In an article published by The Economist on May 11 2016, the magazine predicted that Lebanon’s political newcomer “Beirut Madinati’s impressive share [in municipal electoral votes] may be enough to give it momentum to make next year’s general election a lot more interesting.” Although legislative elections are different in both form and in content from municipal ones Beirut Madinati made change possible, which could well impact national elections. This hope for a snowball effect, however, must not be taken for granted and the gains of Beirut Madinati should not be limited to an illusion of change. For this reason, the results of the municipal elections should be studied so that actual gains might be made, and a way forward identified.
Lebanon’s Municipal Elections Take Place in Context of Local and Regional Turmoil
Lebanon’s post-war politics left a tenuous political legacy. This is characterized by perpetual discord, accommodation between dissenting factions that have exposed the country to foreign meddling, hardened sectarian identities and entrenched modes of political mobilization. Such a political quagmire means political parties have transgressed state institutions instead of building them, and political elites have managed to exploit a weak yet centralized state in order to maintain entrenched clientelist and neopatrimonial networks that penetrate all public and private spheres. Political elites have co-opted labor unions and syndicates, penetrated civil society organizations, designed electoral laws that reproduce the status quo, and built a lopsided rentier economy that consolidates the socioeconomic and political power of the sectarian system and sustains its patronage network.

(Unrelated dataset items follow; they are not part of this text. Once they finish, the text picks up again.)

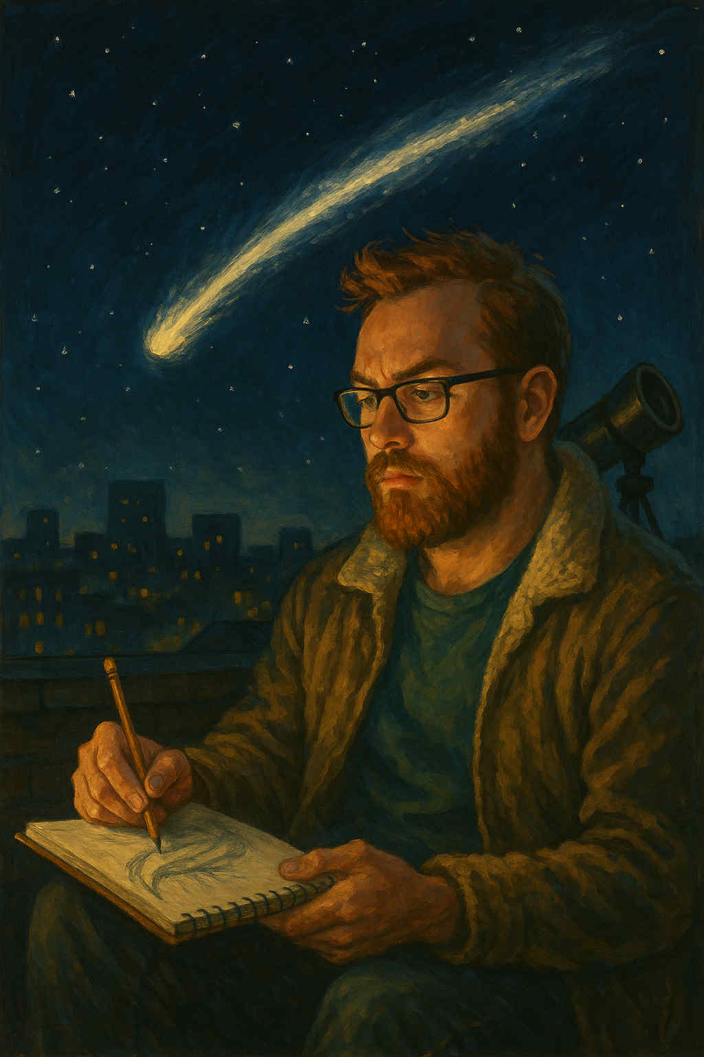 So, he began to draw instead. The comet scrawled in margins, the silver blaze arcing across page after page, always slightly different, always incomplete. His students noticed the shift: the precise professor suddenly absentminded, chalk pausing mid-equation as his eyes drifted toward the window.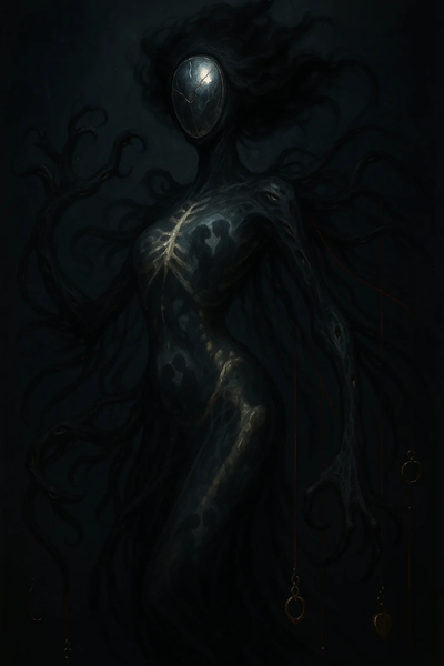Her true form was that of an Archdemon of the Void, a truly nightmarish creature. Her body is impossibly vast, stretching between spatial dimensions. Her face is that of a cracked, silver mirror that reflects the face of the viewer's truest love. From behind the mirror mask billows a cloud of inky black shadow like hair floating in water. Her feminine, shadowy body is wrapped around a humanoid skeleton. The shadows of her skin coalesce into images of closeness and intimacy, forms writhing and folding into each other. Tendrils of shadow spread from her body. Clasps, lockets, and other symbols of love dangle from the her shadows.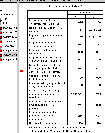 the FACTOR LOADINGS for each item. A factor loading is an index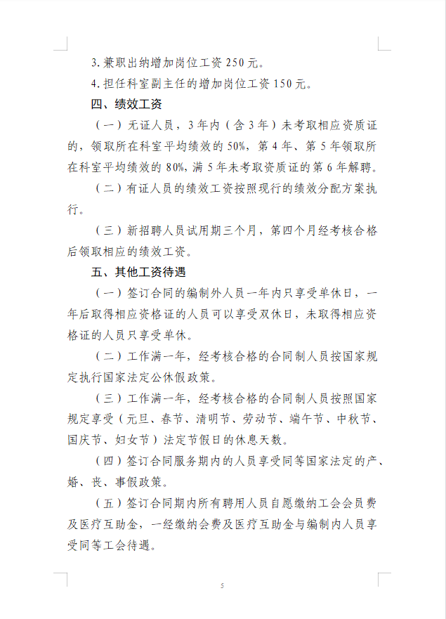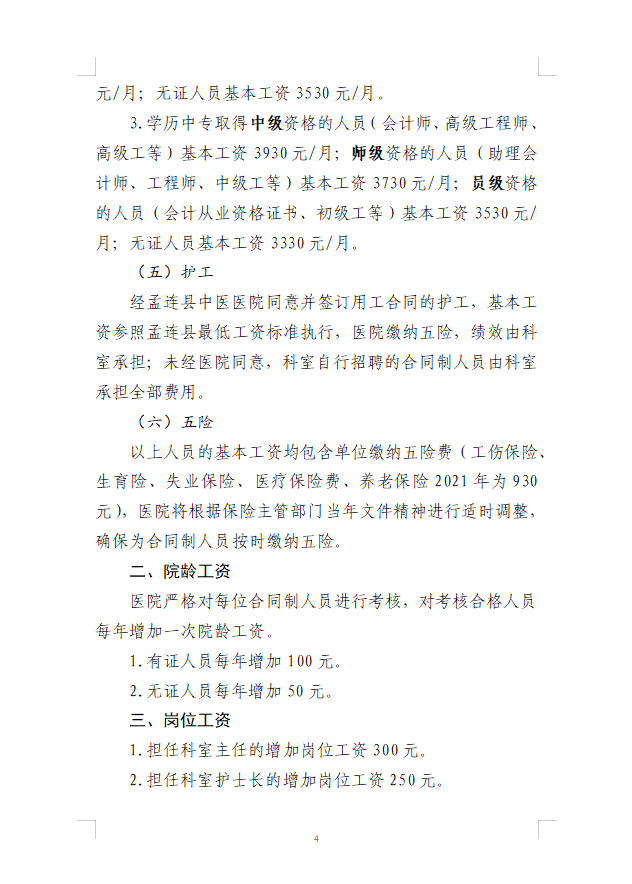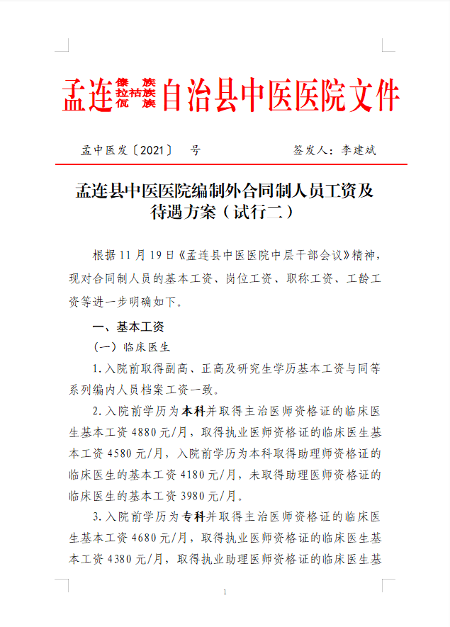 3.孟連縣中醫(yī)醫(yī)院編制外合同制人員工資及待遇方案(試行二)

Whenever the private interests of the ruling elite or those of their regional backers compete with conflicting priorities, the country is driven into complete political paralysis until a political settlement is reached with regional backing. The resulting overlap of domestic and regional contests—particularly in the wake of the Arab uprisings reaching Syria and Hezbollah—put the country in an even tighter political gridlock.
Hezbollah’s decision to enter the Syrian conflict on the side of Bashar al-Assad exacerbated Lebanon’s already precarious sectarian tensions, with pressures mounting during alleged security threats. These gave two consecutive opportunities for Lebanon's members of parliament to extend their powers in a stark breach of the constitution. Partially as a result of these extended mandates the parliament has failed to elect a new president for the Republic. This has left the cabinet paralyzed, and unable to effectively respond to any of the country's proliferating challenges. The most notorious of these is the nation’s rubbish crisis, with mismanagement of waste sites seeing actual mountains of garbage grow on the streets of Beirut, provoking a three-month protest movement in Beirut during the summer of 2016.
Municipal Elections: A Chance to Change the System from Within
In the context of Lebanon’s political impasse and its citizens’ growing disenchantment with a faltering system, municipal elections appeared as an opportunity. Scheduled to take place in May 2016, actors hoped to use the elections to re-launch the constitutional processes and save the remnants of a functioning democracy that was put on hold.
Municipalities, their role and jurisdiction, came under the spotlight after the summer garbage crisis and the utter failure of the cabinet to address the problem with a national strategy. What emerged out of that failure was a re-evaluation of alternative options, which in turn led to an assessment of what other actors might step in to remedy the situation—municipalities seemed a viable option. The Municipal Act of 1977 gave municipalities financial and administrative independence, setting them up as legal entities responsible for all the local activities and provision of public services that fall within their jurisdiction. However, although municipal councils were endowed with this power, the electoral law and the power-sharing arrangement among the sects curtailed their ability to act on many occasions.
 The military wing of Hezbollah –which is part of Lebanon’s parliament and cabinet—decided to intervene militarily in Syria to prop up the Assad regime.